# Customer RFM Segmentation
Customer segmentation used to target shipping cost voucher receiver candidate. As stated on my analysis before, the use of voucher doesn't seem to have any effect on user's satisfaction. However, this strategy may be able to increase user retention. Since the majority of users only order at most 2 times in the span of 2 years this is a severe problem for the ecommerce. Therefore a strategy needed to be laid out to increase user transaction frequency and monetary value.

## Free Shipping Voucher Strategy
Shipping cost voucher will be awarded to customer which has lower transaction frequency but relatively higher monetary value. Not only that, but customer will be able to use the voucher only after it fulfill some conditions such as minimum transaction value, applied only to Official Store, or on certain occassion or date.

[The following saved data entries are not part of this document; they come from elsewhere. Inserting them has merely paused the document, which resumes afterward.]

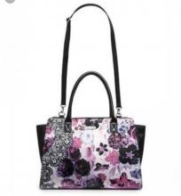 Medium size purse black with pink flowers on the both sides, the label of the purse is MARY KAY.
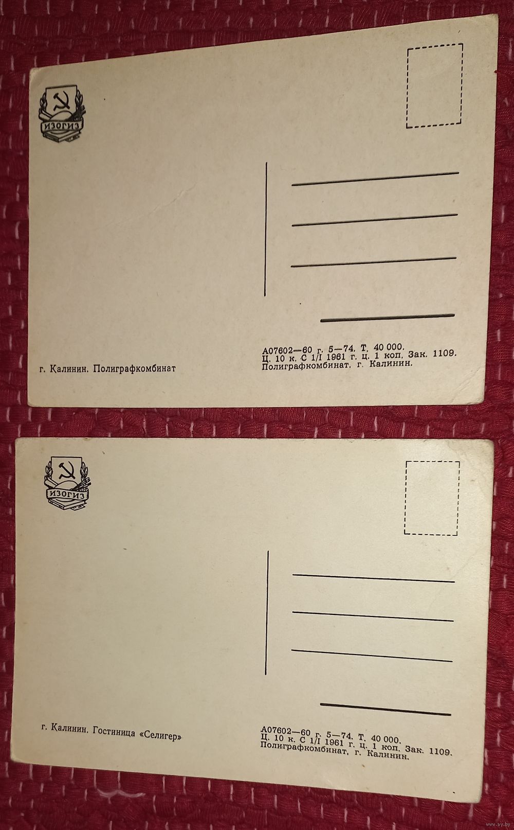 2 открытки г Калинин 1960( )
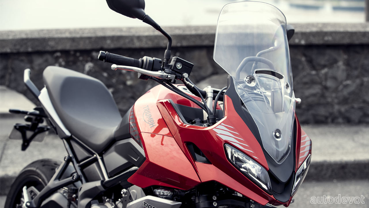 The Tiger Sport 660 is essentially an adventure version of the Trident 660. The windscreen is height-adjustable, of course. Other features include LED headlights, self-canceling turn signals, a color TFT display, Road and Rain modes, switchable traction control, ABS, and slip and assist clutch.
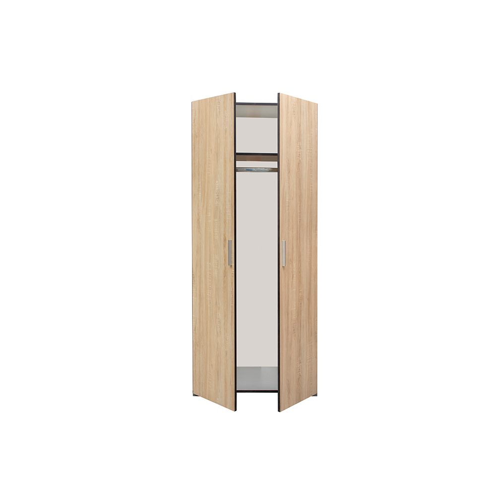 Dulap in 2 usi realizat din PAL melaminat ce contine o bara de haine. Inaltimea dulapului permite sa fie montat chiar si in camerele cu o inaltime de maxim 2m.
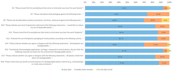 Participant assessments of clarity are detailed in Supplementary Table S1. Overall, 11/21 (52.3%) items were rated as “very clear” by over 95% of respondents. Of the 10 items exhibiting clarity problems (Figure 2), 4/14 (28.6%) concerned plastics (D2, D7, D9, D10), and 6/7 (85.7%) were related to bioplastics and other materials (D12, D13, D14, D15, D17, D18).
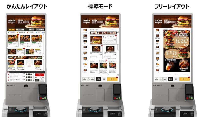 より短時間での注文を重視した「かんたんレイアウト」、客単価向上を重視した「標準モード」、店舗デザインを自由に反映できる「フリーレイアウト」の3つのデザインモードを搭載。店舗運営の方針や業態に合わせて、柔軟にカスタマイズ可能。
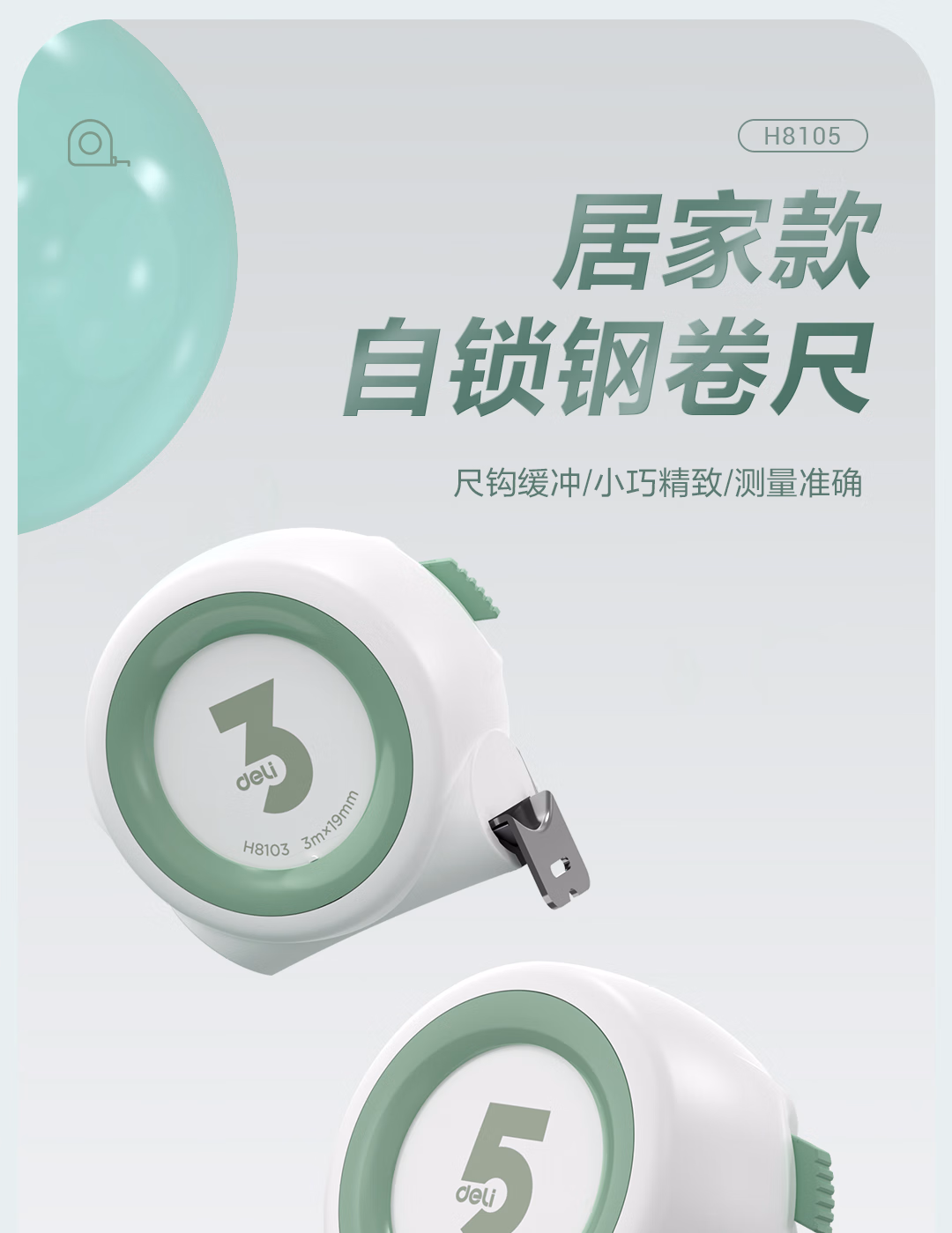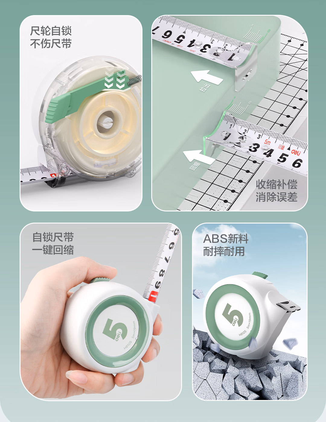 包装清单  :   得力(deli)自锁卷尺钢卷尺盒尺伸缩尺拉尺木工尺子钢尺测量工具家居系列5m
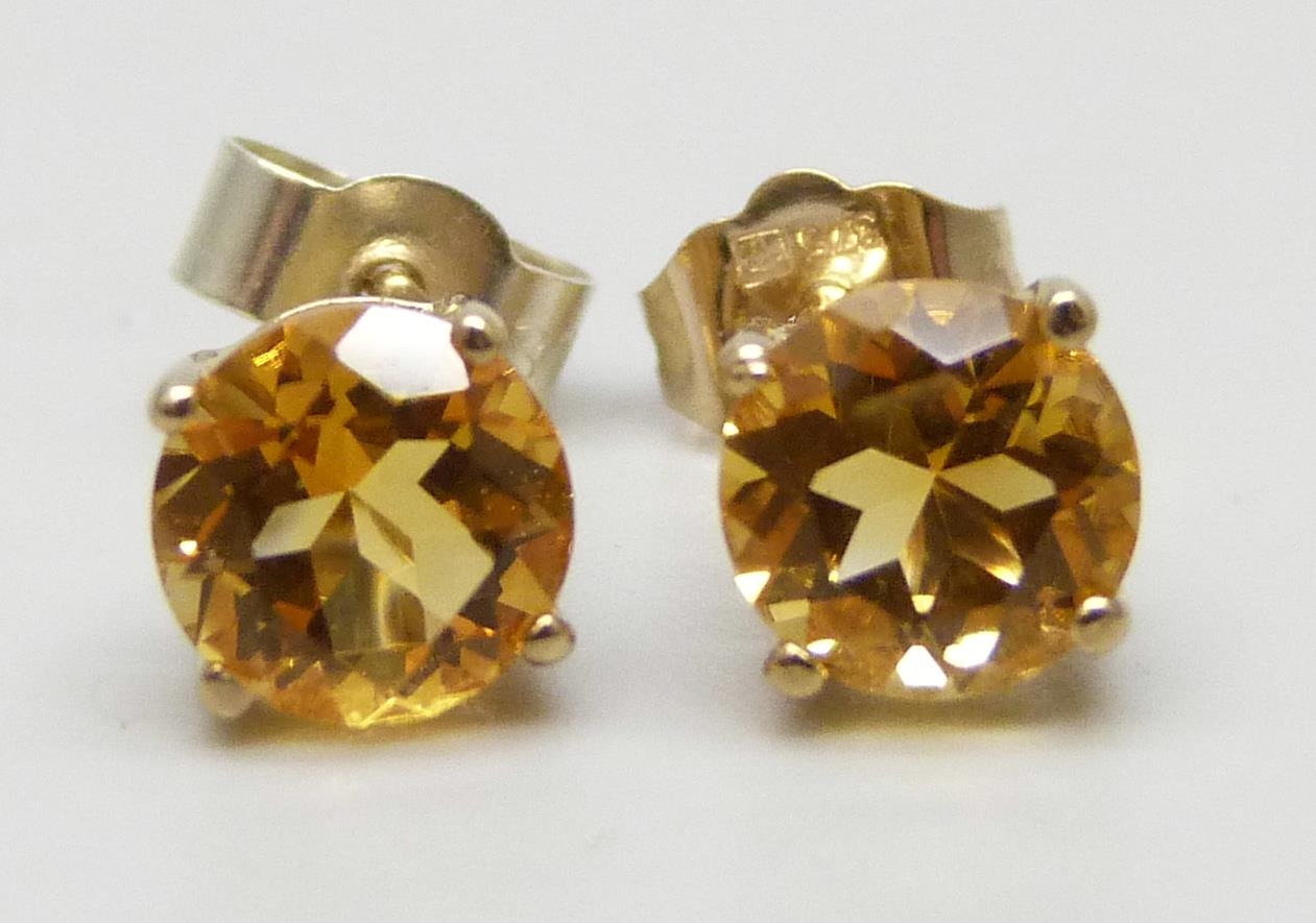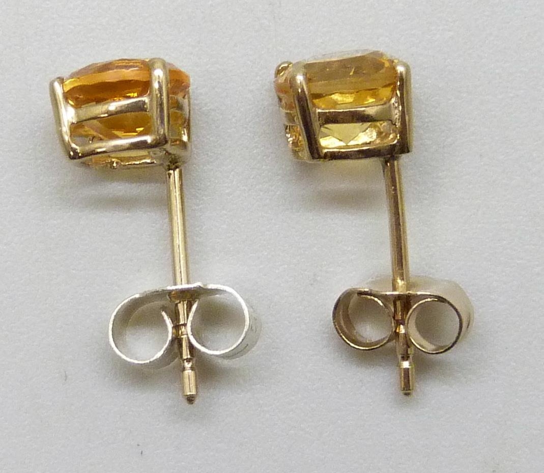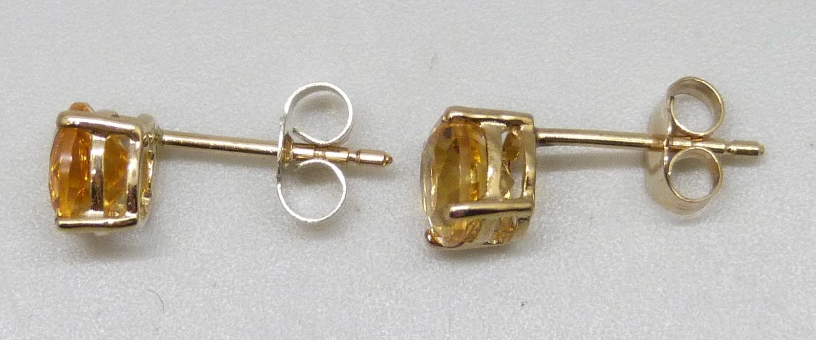 A pair of 9ct gold and citrine stud earrings, 1g, unmatched butterflies
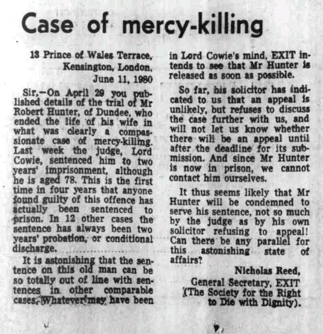 “Mr Robert Hunter of Dundee, who ended the life of his wife in what was clearly a compassionate case of a mercy-killing… This is the first time in 4 years that anyone found guilty of this offence has actually been sentenced to prison. In 12 other cases the sentence has always been 2 years probation, or conditional discharge… EXIT intends to see that Mr Hunter is released as soon as possible.”

## Library Import and Configuration

In [None]:
import numpy as np
import pandas as pd
import matplotlib.pyplot as plt
from sklearn.decomposition import PCA

# import postgres connection factory utility
from util.dbconn import DbConn

In [None]:
WAREHOUSE_CONN = {
    'user': 'postgres',
    'password': 'qshOke46RvOg0',
    'host': '10.128.0.2',
    'port': '8084',
    'dbname': 'postgres'
}

In [None]:
postgres_conn = DbConn(WAREHOUSE_CONN).get_conn()

## Data Overview

In [None]:
customer_rfm_query = """SELECT 
	ud.user_sk,
	mcmv.total_spending,
	mcmv.total_shipping_cost,
	mcof.count_order,
	EXTRACT(epoch FROM mcr.last_order_interval/86400)::int8 AS last_order_days
FROM 
	warehouse.user_dim ud 
LEFT JOIN warehouse.mart_customer_monetary_value mcmv ON
	ud.user_sk = mcmv.user_sk
LEFT JOIN warehouse.mart_customer_order_frequency mcof ON
	ud.user_sk = mcof.user_sk
LEFT JOIN warehouse.mart_customer_recency mcr ON
	ud.user_sk = mcr.user_sk;"""
customer_rfm = pd.read_sql(customer_rfm_query, con=postgres_conn)
display(customer_rfm.info())
display(customer_rfm.head(5))
display(customer_rfm.describe())

### Check for Null Value

In [None]:
customer_rfm.isnull().sum()

## Exploratory Data Analysis

### Order Frequency

In [None]:
fig, ax = plt.subplots()
t1 = customer_rfm.loc[:, ['user_sk', 'count_order']] \
        .groupby('count_order', as_index=False).count()
ax.bar(t1['count_order'], t1['user_sk'])
ax.set_title('Order Frequency Count')
ax.set_xlabel('Order Frequency')
ax.set_ylabel('Order Count')

display(t1)
plt.show()

### Order Recency

In [None]:
fig, ax = plt.subplots()
t1 = customer_rfm.loc[:, ['user_sk', 'last_order_days']] \
        .groupby('last_order_days', as_index=False).count()
ax.bar(t1['last_order_days'], t1['user_sk'])
ax.set_title('Days Since Last Order Distribution')
ax.set_xlabel('Last Order Days')
ax.set_ylabel('Order Count')

plt.show()
t1.columns = ['days_since_last_order', 'count_order']
display(t1.head(15))

### Monetary Value

liat data mentahnya dulu <br>
pake bar chart 

In [None]:
fig, ax = plt.subplots()

t1 = customer_rfm.loc[:, ['user_sk', 'total_spending']] \
        .groupby('total_spending', as_index=False).count()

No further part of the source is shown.